『イニシエーション・ラブ』 [読書]
これは、ミステリーというよりトリック小説ですな。
描かれている恋愛については、別段めずらしくもない設定だが、
最後の2行でそれまで読んでいた自分の中でのストーリーが
転覆した。
「そう言えば・・・」と思い当たる伏線がいくつも思い出される。
あのとき感じた違和感は間違ってなかったんだーっとため息が出る。
読書って不思議だ。
少々の不合理は「そんなこともあるかな」「だぶん~だから、そうなったんだろう」と無視して読み進めてしまう。
それは私だけではないようで、その証拠に、例えばAmazonでの評価を見ると
多くの人がこの本のトリックにひっかかっている。
そして私ももう一度最初から読み直してもよかったのだけど、
多くのサイトでこの本の解説をしているので
そっちを読んでみた。
映画やテレビと同様、
小説でもネタバレしちゃうので、これから読む方は以下を回避してください。
では、ネタバレ、始めます。
この小説が一人称で書かれていることが、
勝手な思いこみの始まり。
A面B面と分けられたストーリーが同人物の「僕」ではないと、最後の2行を読むまで気づかなかった。
だって「僕」以外の登場人物、つまり静岡にいる「マユ」と東京の「美弥子」が同じなもんだから
一人の「たっくん」だと思い込んでたさ。
さらにA面は大学時代、B面は就職後の設定ながら、
時間軸にすると、B面のほうが先に起こった出来事だなんて・・・!
美弥子が名付けた「イニシエーション・ラブ」、理解できないわけじゃないが、
同意しかねるな。
恋愛は人それぞれの価値観があるし、しかもそれは固定ではなく経験と考え方でさらに変化するものだからだ。

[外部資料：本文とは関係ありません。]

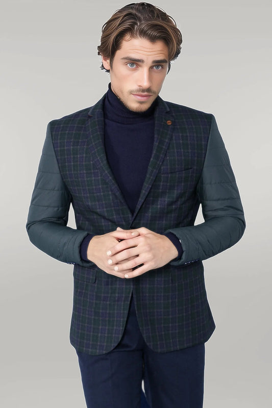 2 Button Arm Quilting Plaid Green Jacket-Wessi

もちろん恋愛に対してずっと変わらないスタンスの人も同じくらいいると思う。
ゆえに、美弥子の「イニシエーション・ラブ」は「たっくん」を口説き落とすための手段にしか
思えない。
しかし、終盤までひとりかわいそうなというか、不憫に思えた「マユ」が実はいちばんの食わせ者というのも面白い。

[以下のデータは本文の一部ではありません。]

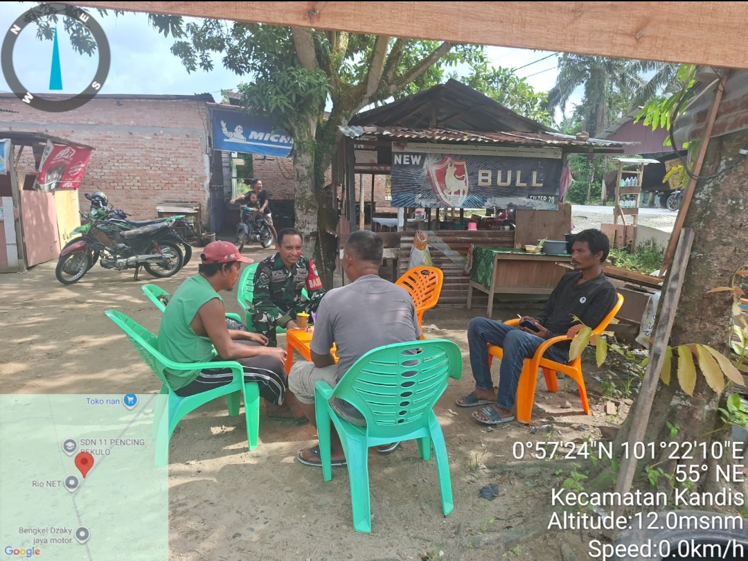 Sebelum patroli pengamanan Line Pipa PHR dilakukan, Babinsa Serka Aprianto bersama rekannya Sertu Korenus JU melaksanakan Bin Komsos tentang SKK Migas dengan warga di Dusun Pencing Lestari Kampung Pencing Bekulo Kecamatan Kandis.

マユは、二人の対照的な男を同じ呼び名にし、二股をかけ、
堕胎したあとも、もう一人とは体調が悪いと誤魔化して、その後ヴァージンのふりをする。
すべて「僕」の一人称で語られるため、「マユ」に対する印象は常に好意的であるけれど、
実際の彼女はどうだったんだろう。
明らかに遊んでそうな女より、しれっとこういうことができる女のほうを男は無条件に信じやすい。

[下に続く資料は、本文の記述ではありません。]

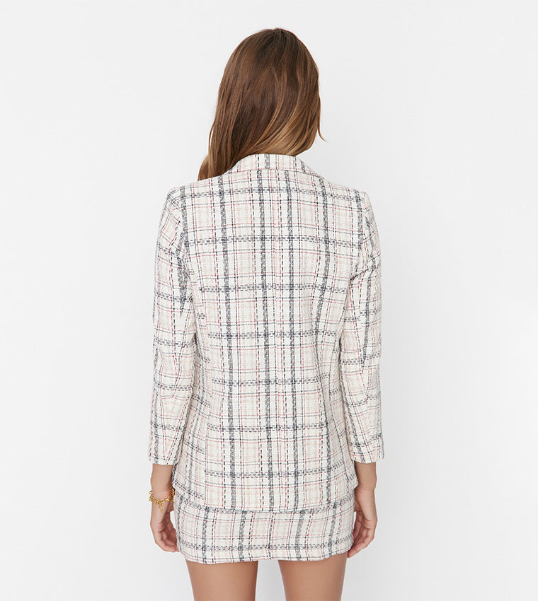 -Turn heads with this stunning 3-piece Co-ord Set, crafted to make bold fashion statements. The elegant white checkered blazer, matching mini skirt, and stylish crop top combine for a complete, powerful, and trendy look.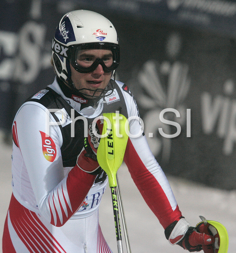 : Tenth placed Patrick Bechter of Austria reacts in finish of second run of Zagreb men slalom race of Audi FIS Ski World Cup 2008-09. Slalom race of Men Audi FIS Ski World Cup 2008-09 was held on Sljeme above Zagreb, Croatia, on Tuesday, 6th of January 2009.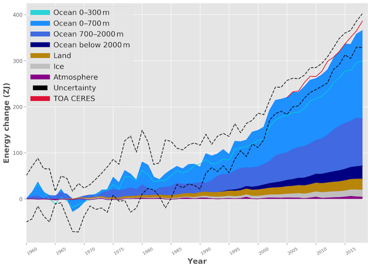 Ocean warming buffers the worst impacts of climate change, but it’s not without cost. Sea levels are rising because heat causes water to expand and ice to melt. Marine ecosystems are experiencing unprecedented heat stress, and the frequency and intensity of extreme weather events is changing.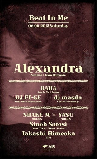 現在世界中から大きな注目を集めているルーマニア・ダンスミュージックシーンの最前線を紹介していく“Beat In Me”が、初めてのフィメールDJをフィーチュアすることとなった。今回が初来日となるAlexandraは、女性らしい繊細かつパワフルな音楽性で現地のクラウドを歓喜させている新星アーティストだ。さらにメインフロアには、レジデントのRAHAとPI-GEに加え、以前からこのパーティで待望されていた国内トップDJ Masdaが登場。またラウンジでは、人気パーティ“ARTEMIS”の主宰であり、安定したグルーヴに定評のあるSHAKE M×YASUの2人が刺激的なB2Bセットを繰り広げる。非常に見応えのある音空間が、そこに。

というか、ハナからそんなことをするとは夢にも思ってない。
というわけで、恋愛部分においてはよくある話。
だけど、構成と巧みな書き方で作者のトリックに見事ずっぽり嵌ってしまった蓮花でした。
最後の二行で転覆―というので、ある小説を思い出しました。
でもその題を書いてしまうと、そのまんまネタバレになってしまうので書けないもどかしさ・・
あまりにも面白そうで、すみません、ネタバレ部分を読んでしまいました。
なるほど。
読んでみたいです。
by Sho (2008-03-13 22:37)
そうでした、ShoさんはネタバレOKの方でしたね(笑)。
でもね、できればこの本はネタバレなしで読んでいただきたかったなあ~。
あ、でもShoさんなら、このトリック見破ってしまわれたかもしれません。
ぜひご一読を。一気に読めます。
ある小説ってなんだろ・・・?
by 蓮花 (2008-03-14 19:01)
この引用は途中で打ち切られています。